Comparison Of Kruskal Wallis Test with the parametric Test
In this section we shall consider comparing Kruskal Wallis test with its Parametric Counter Part.
Note that if it was known to us that the Samples are drawn from the populations which follows Normal distribution we would have opted for the Parametric test of Anova
We shall judge the validity of this decision by comparing the powers of the two tests
Power Comparison of Kruskal Wallis Test with Anova Test
Note that Kruskal Wallis test can only be used against the alternative hypothesis of type\[ H_1 :\,\,\,\,\theta_i\neq\,\theta_j\,\,\,\,\,\,\,for\,\,some\,\,\,i\,\neq\,j\] But this test is not applicable for testing the ordered alternatives i.e., \[H_1:\theta_1\le \theta_2\le...\le\theta_k\] or \[H_1:\theta_1\ge \theta_2\ge...\ge \theta_k\] With strict inequality atleast once To solve this kind of problems we look upon to tests like JONCKHEERE TEST.
JOCNKHEERE TEST
consider the Testing Problem \[H_0:\theta_1= \theta_2=...= \theta_k\] vs \[H_1:\theta_1\le\theta_2\le...\le\theta_k\] with strict inequality atleast once.

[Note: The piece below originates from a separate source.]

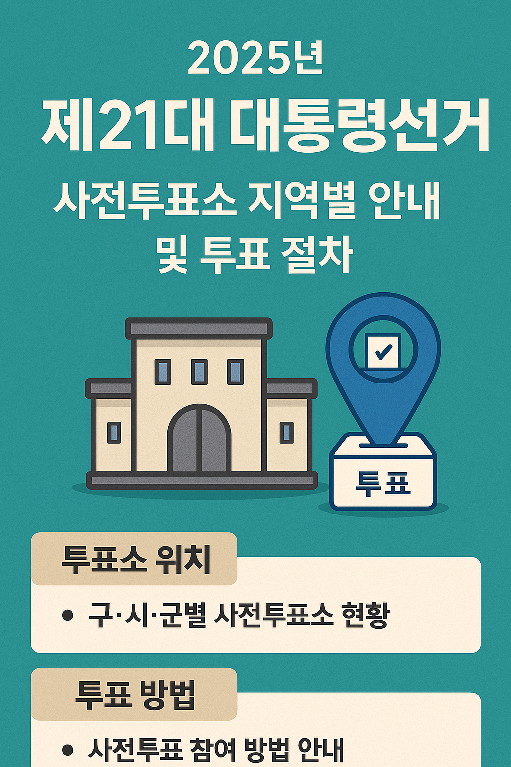 다가오는 2025년 제21대 대통령선거의 사전투표가 5월 29일(목)과 5월 30일(금) 이틀간 진행됩니다. 사전투표는 거주지와 상관없이 전국 어디서나 투표할 수 있는 편리한 제도로, 소중한 한 표를 미리 행사할 수 있는 기회입니다. 이 글에서는 지역별 사전투표소 위치, 투표 절차, 준비물 등을 상세히 정리했습니다. 중앙선거관리위원회의 최신 정보를 바탕으로 작성되었으며, 투표소 위치는 5월 14일 이후 공개됩니다.

Jonckheere(1954) proposed a test which is based on the pairwise Mann Whitney Statistic.
This approach has the unique feature that the comparisons of samples i and j does not depends on the rest of the combined data.
Test Statistic
Define, \[W_{ij}\;= no.of(X_{vj}> X{ui})\;\;\;\;\;\;\;\;v=1(1)n_j;\,\,u=1(1)n_i\] Therefore \[ \mathcal{J} = \sum_{i=1}^{k}\sum_{j>i}W_{ij}\] We reject for large Values of \(\mathcal{J}\)
Expectation and Variance of Jonckheere Statistic under \(H_0\)
It can be shown that under \(H_0\)\[E(J) = N^{2} - \sum_{j=1}^{k}n_j^2/4\]\[ Var(J)= \dfrac{1}{72}[ N^{2}(2N+3)\,-\,\sum_{j=1}^{k}n_j^2(2n+3)]\]
Null Distribution
When the Sample sizes are sufficiently large \[(J-E(J))/(Var(J))\sim N(0,1)\;\;\;\;\;for\;\;large\;\;n \]